Attribute Function Priority
AS_PATH Records AS path to destination Shorter paths preferred
NEXT_HOP IP address of next router Must be reachable
LOCAL_PREF Local preference value Higher values preferred (default: 100)
MED Multi-Exit Discriminator Lower values preferred
ORIGIN How route was learned IGP < EGP < Incomplete
COMMUNITY Route tagging Used for policy decisions

BGP Security

The internet was built on trust, and BGP reflects this with minimal security in its core design. This has led to numerous incidents:

  • Route leaks: Accidental advertisements of routes
  • Route hijacking: Malicious announcements claiming ownership of IP space
  • Route manipulation: Altering path attributes for various purposes

RPKI (Resource Public Key Infrastructure)

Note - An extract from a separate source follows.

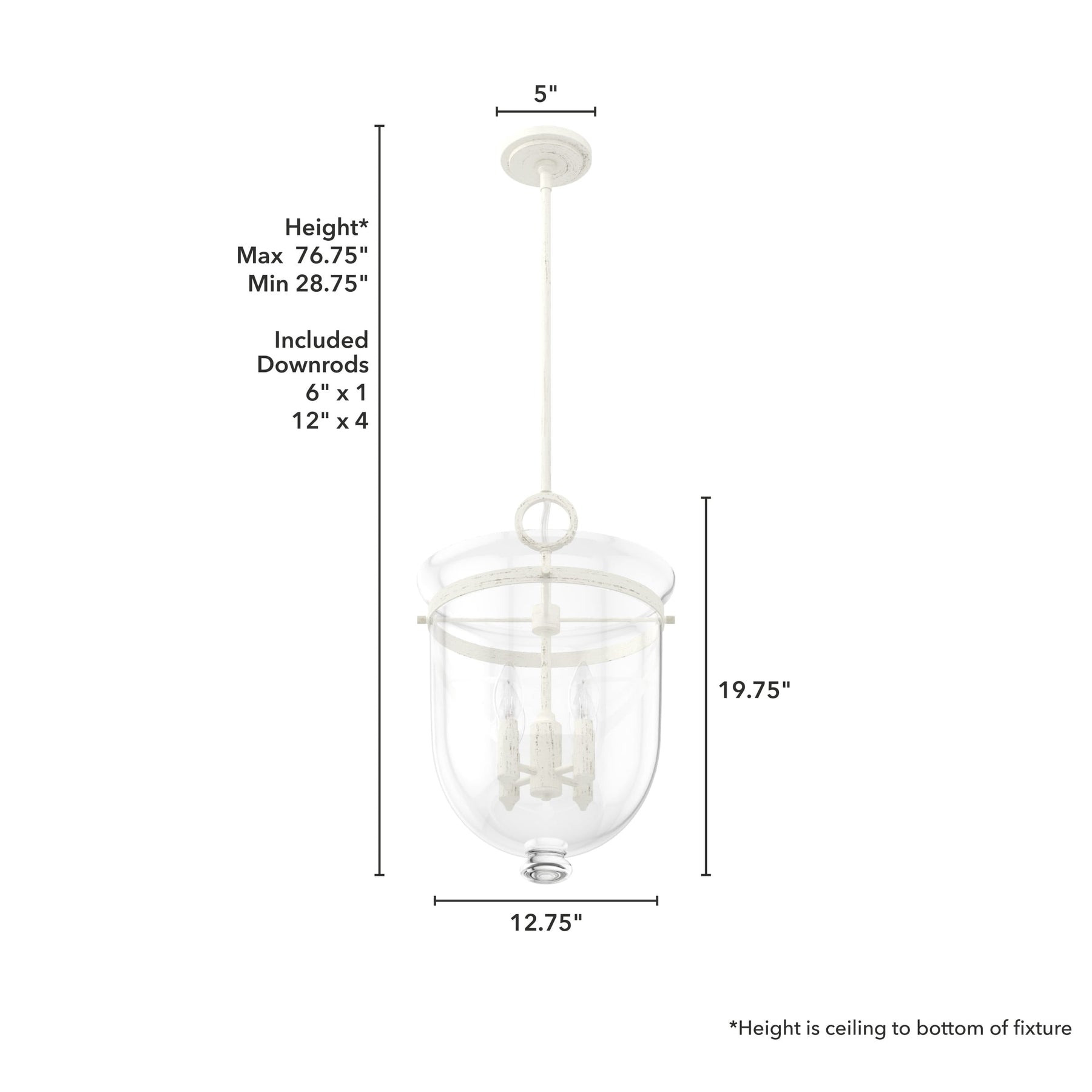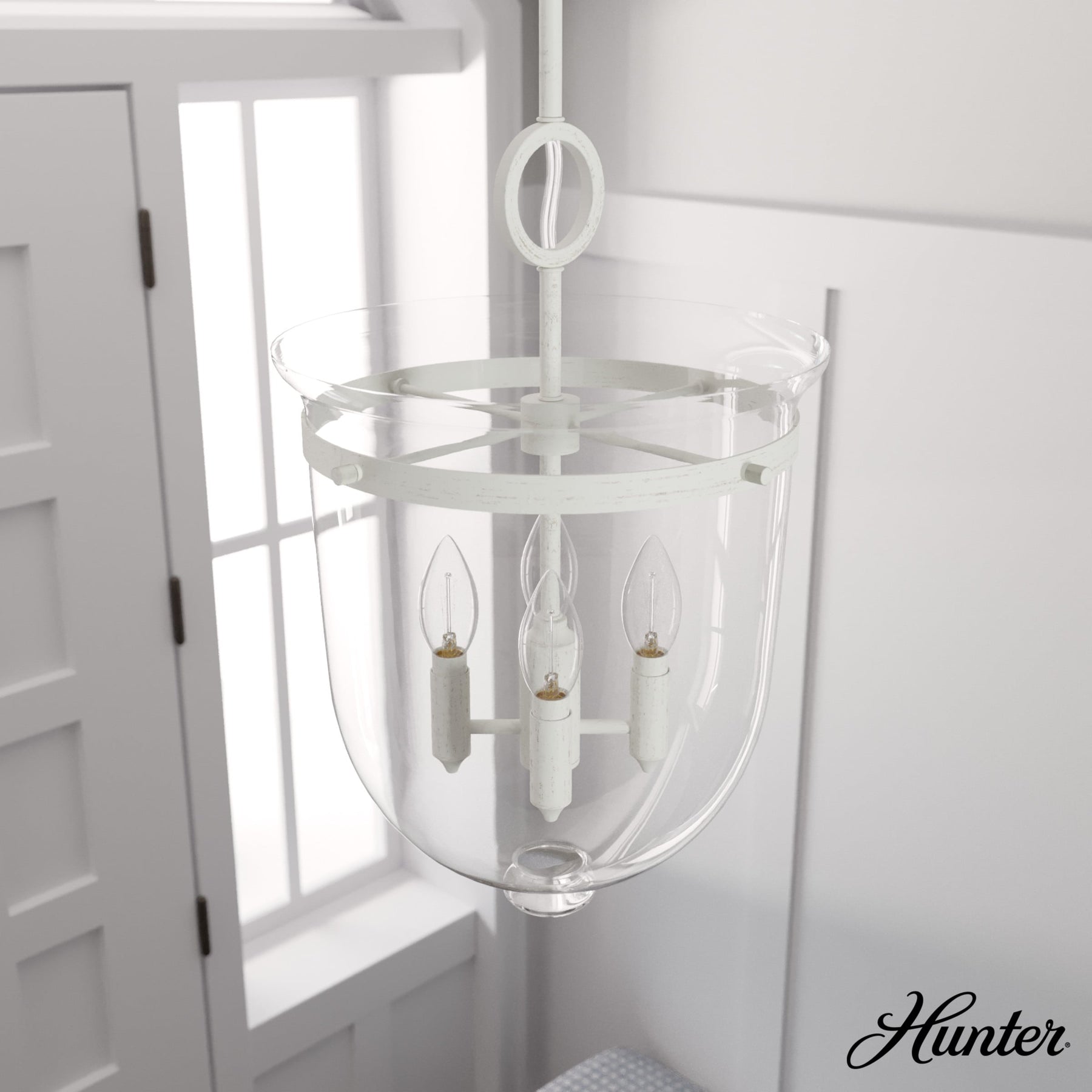 Hunter Belltown 4-Light Rustic White Transitional Clear Glass Urn LED Medium Hanging Pendant Light

RPKI provides cryptographic verification that an AS is authorized to announce specific IP prefixes.

# RPKI validation states
Valid: Announcement matches a valid ROA
Invalid: Announcement conflicts with existing ROA
NotFound: No ROA exists for this prefix

BGP Security Best Practices

  • Implement prefix filtering with both your peers and customers
  • Use RPKI for ROV (Route Origin Validation)
  • Apply AS path filtering to prevent route manipulation
  • Implement maximum prefix limits to prevent route flooding
  • Use BGP communities for policy management
  • Monitor your BGP sessions and prefix announcements

Common BGP Configurations

Basic eBGP Configuration (Cisco IOS)

router bgp 65000
 neighbor 192.0.2.1 remote-as 65001
 neighbor 192.0.2.1 description PEER-A
 neighbor 192.0.2.1 password secure-password
 neighbor 192.0.2.1 prefix-list PEER-A-IN in
 neighbor 192.0.2.1 prefix-list PEER-A-OUT out
 network 198.51.100.0 mask 255.255.255.0

Basic eBGP Configuration (Juniper JunOS)

protocols {
    bgp {
        group external-peers {
            type external;
            description "eBGP peering";
            peer-as 65001;
            neighbor 192.0.2.1 {
                description "PEER-A";
                authentication-key "$9$secure-password";
                import PEER-A-IN;
                export PEER-A-OUT;
            }
        }
    }
}

RPKI Configuration (Bird)

protocol rpki {
    roa4 { table r4; };
    roa6 { table r6; };
    remote "rtr.rpki.example.net" port 8282;
}

protocol bgp peer1 {
    # ...regular BGP config...
    ipv4 {
        import filter {
            if roa_check(r4, net, bgp_path.last) = ROA_INVALID then reject;
            # ...rest of the filter...
        };
    };
}

Real-world Considerations

When implementing BGP, remember:

  • BGP is not a security protocol by itself
  • Proper filtering is essential (prefix lists, AS-path filters)
  • Route reflectors are necessary in larger networks to avoid full-mesh iBGP
  • BGP convergence can be slow; tune parameters for your environment
  • Communities are powerful for traffic engineering
  • Monitor your BGP sessions and know your routing table

For home or small business networks considering BGP:

  • You need a provider-independent IP allocation (your own AS and IP block)
  • Most residential ISPs don't support BGP peering
  • Consider a tunnel to a data center for BGP experimentation
  • BGP routers need sufficient memory for the full internet table (~1M routes)

BGP might seem complex at first, but it follows logical principles and is the backbone of the internet we all depend on.